**DATA EXTRACT:**
-------------------------
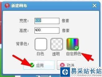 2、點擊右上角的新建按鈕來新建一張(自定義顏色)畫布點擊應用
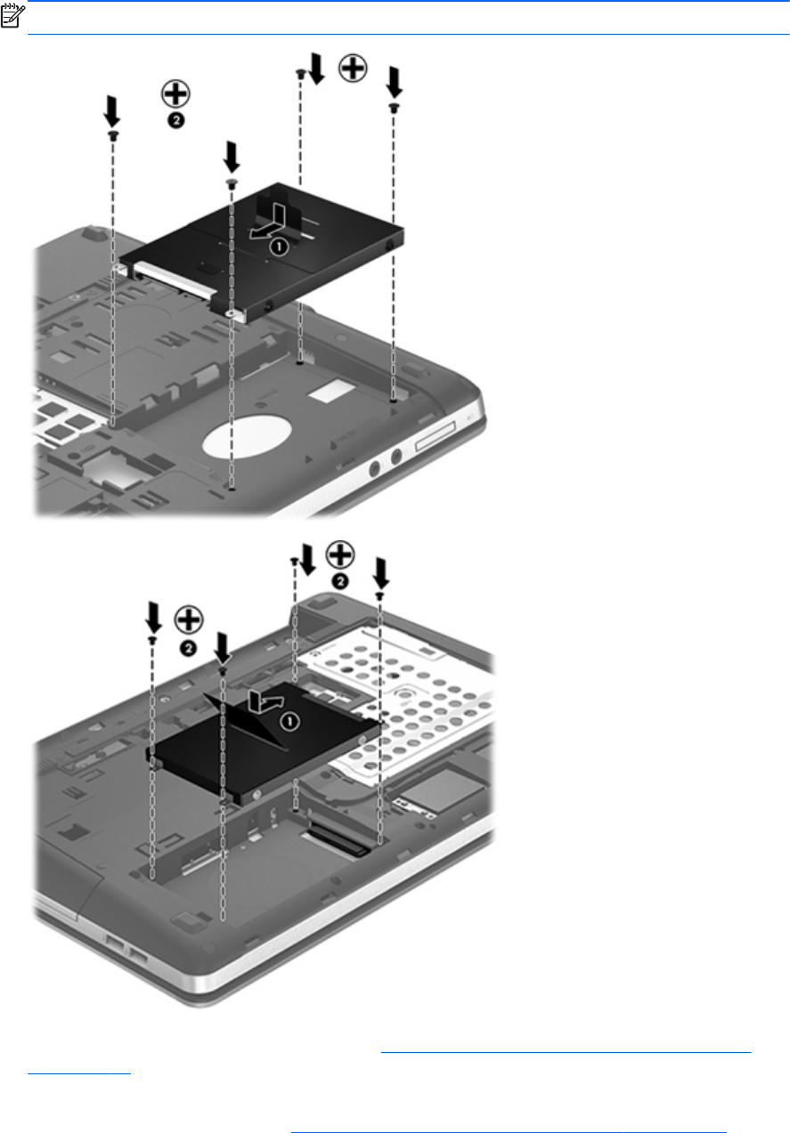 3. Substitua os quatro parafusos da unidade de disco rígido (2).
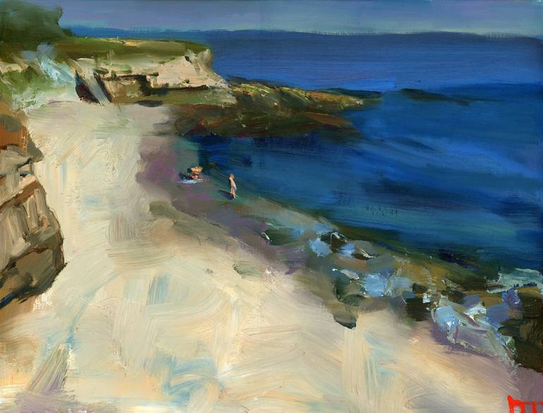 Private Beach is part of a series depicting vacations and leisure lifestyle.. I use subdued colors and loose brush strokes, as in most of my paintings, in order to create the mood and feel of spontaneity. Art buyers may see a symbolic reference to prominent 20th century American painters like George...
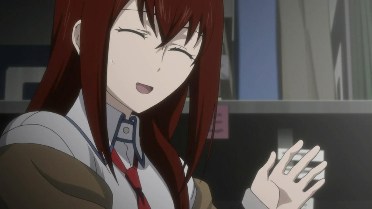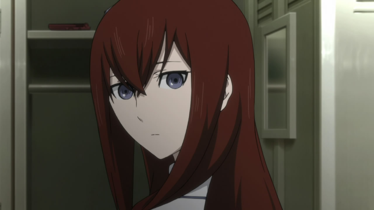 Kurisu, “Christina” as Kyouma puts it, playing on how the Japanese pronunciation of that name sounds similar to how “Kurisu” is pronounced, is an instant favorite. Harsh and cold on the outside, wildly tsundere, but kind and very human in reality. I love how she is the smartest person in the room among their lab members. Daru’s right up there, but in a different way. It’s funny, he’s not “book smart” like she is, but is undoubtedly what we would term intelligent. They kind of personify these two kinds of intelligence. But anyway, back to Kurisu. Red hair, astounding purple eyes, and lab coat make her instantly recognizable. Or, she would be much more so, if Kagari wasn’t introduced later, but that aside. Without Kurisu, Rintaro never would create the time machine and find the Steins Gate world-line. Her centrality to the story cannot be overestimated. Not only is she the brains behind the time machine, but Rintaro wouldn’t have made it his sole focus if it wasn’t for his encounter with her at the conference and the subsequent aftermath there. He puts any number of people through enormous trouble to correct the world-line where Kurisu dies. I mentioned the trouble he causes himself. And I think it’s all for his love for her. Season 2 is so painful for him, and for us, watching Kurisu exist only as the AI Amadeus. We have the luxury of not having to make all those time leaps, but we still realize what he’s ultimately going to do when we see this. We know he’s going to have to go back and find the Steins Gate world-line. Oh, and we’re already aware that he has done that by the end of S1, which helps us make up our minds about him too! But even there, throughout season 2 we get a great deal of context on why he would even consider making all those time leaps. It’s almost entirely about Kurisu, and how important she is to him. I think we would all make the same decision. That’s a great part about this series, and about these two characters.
-------------------------
**WHAT IS BEING ASKED:**
Return the material from the line containing "3. Substitua os" through the line containing "Private Beach is", exactly and in full, but without its pictures.

**ANSWER FOR THIS EXERCISE:**
 3. Substitua os quatro parafusos da unidade de disco rígido (2).
 Private Beach is part of a series depicting vacations and leisure lifestyle.. I use subdued colors and loose brush strokes, as in most of my paintings, in order to create the mood and feel of spontaneity. Art buyers may see a symbolic reference to prominent 20th century American painters like George...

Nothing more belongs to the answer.